— INFORMATION SHOWN —
####

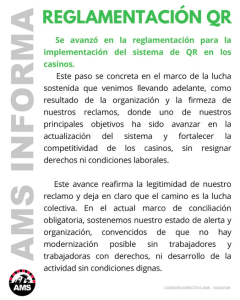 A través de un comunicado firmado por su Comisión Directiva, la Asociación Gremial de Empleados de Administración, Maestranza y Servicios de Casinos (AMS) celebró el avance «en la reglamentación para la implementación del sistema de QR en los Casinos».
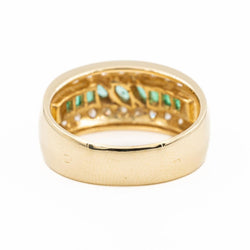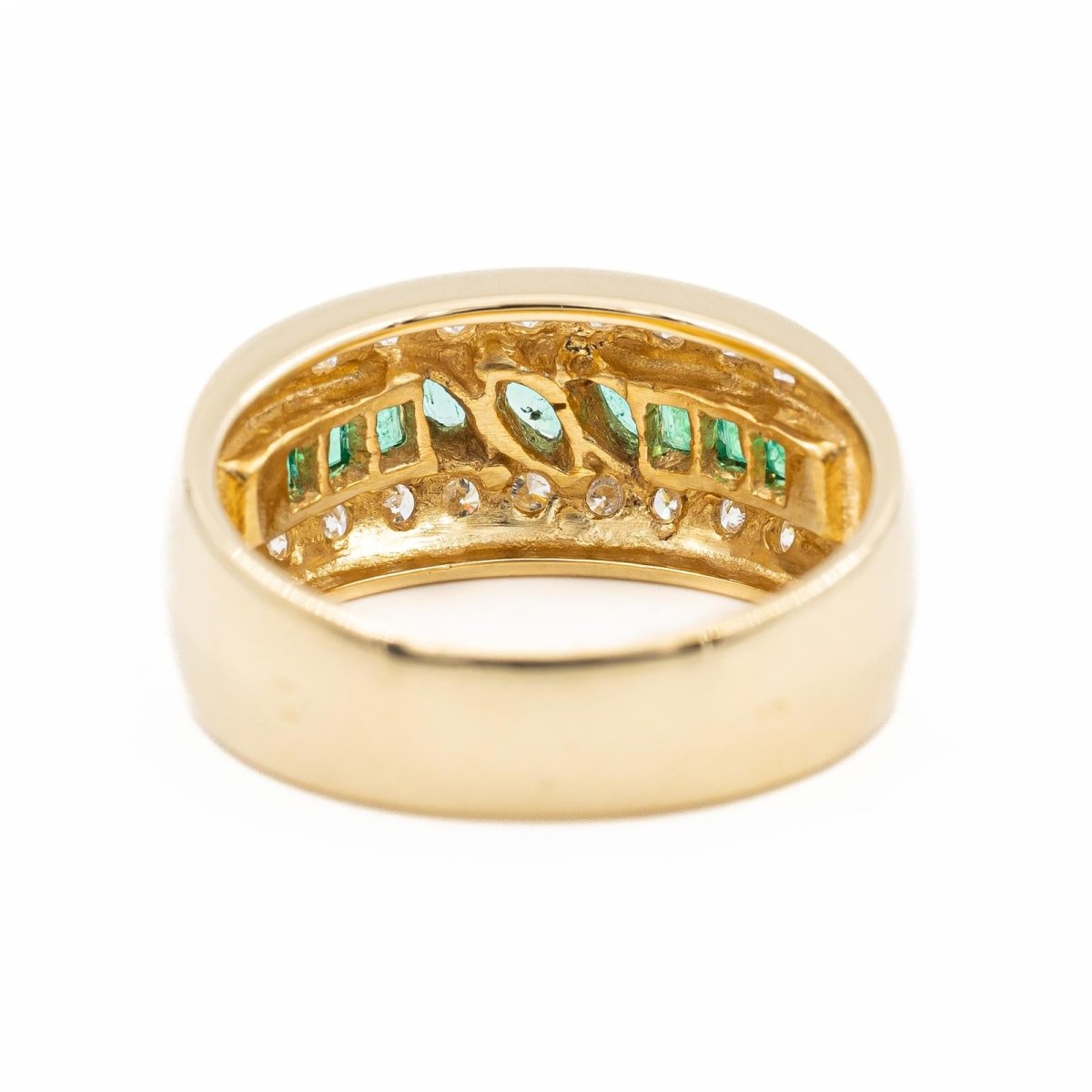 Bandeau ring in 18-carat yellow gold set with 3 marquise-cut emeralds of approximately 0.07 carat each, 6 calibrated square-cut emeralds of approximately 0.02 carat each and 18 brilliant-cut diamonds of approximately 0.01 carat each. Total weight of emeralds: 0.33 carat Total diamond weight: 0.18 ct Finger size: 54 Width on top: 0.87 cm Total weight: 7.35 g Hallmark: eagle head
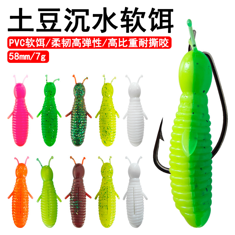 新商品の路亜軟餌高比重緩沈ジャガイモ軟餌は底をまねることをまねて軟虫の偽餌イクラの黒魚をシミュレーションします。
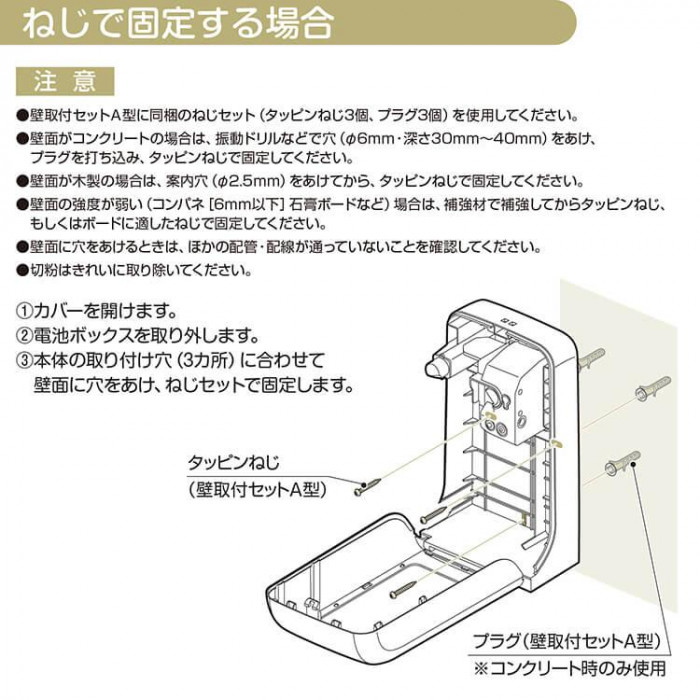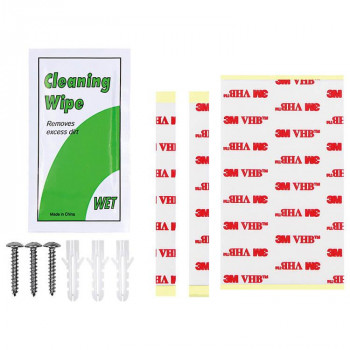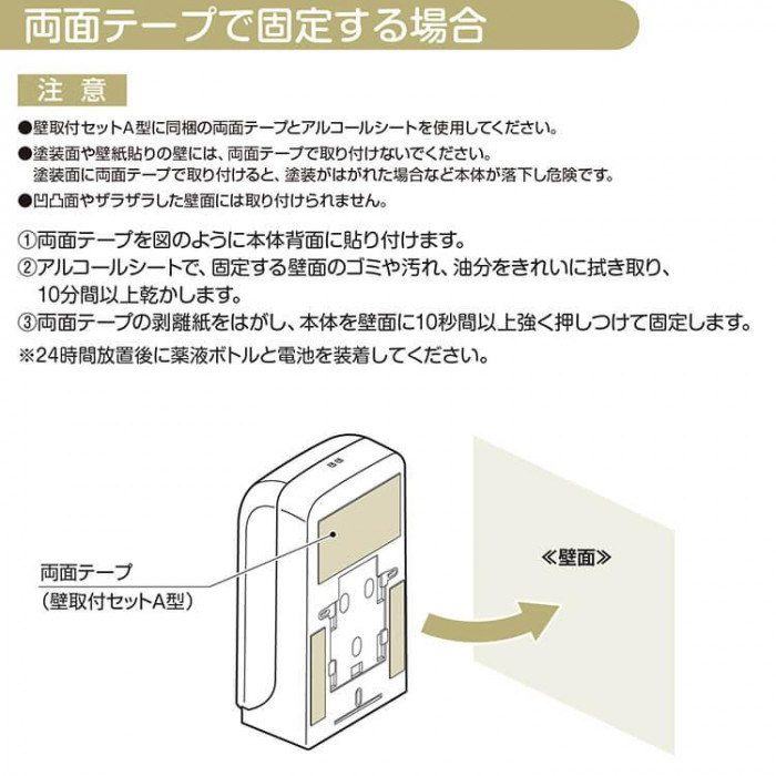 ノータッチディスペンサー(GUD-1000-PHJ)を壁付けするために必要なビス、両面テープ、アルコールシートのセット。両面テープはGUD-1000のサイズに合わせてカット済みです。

####

— TASK REQUIREMENTS —
The listing must be returned in full and exactly, apart from its pictures.

— COMPLETED EXERCISE —
 A través de un comunicado firmado por su Comisión Directiva, la Asociación Gremial de Empleados de Administración, Maestranza y Servicios de Casinos (AMS) celebró el avance «en la reglamentación para la implementación del sistema de QR en los Casinos».
 Bandeau ring in 18-carat yellow gold set with 3 marquise-cut emeralds of approximately 0.07 carat each, 6 calibrated square-cut emeralds of approximately 0.02 carat each and 18 brilliant-cut diamonds of approximately 0.01 carat each. Total weight of emeralds: 0.33 carat Total diamond weight: 0.18 ct Finger size: 54 Width on top: 0.87 cm Total weight: 7.35 g Hallmark: eagle head
 新商品の路亜軟餌高比重緩沈ジャガイモ軟餌は底をまねることをまねて軟虫の偽餌イクラの黒魚をシミュレーションします。
 ノータッチディスペンサー(GUD-1000-PHJ)を壁付けするために必要なビス、両面テープ、アルコールシートのセット。両面テープはGUD-1000のサイズに合わせてカット済みです。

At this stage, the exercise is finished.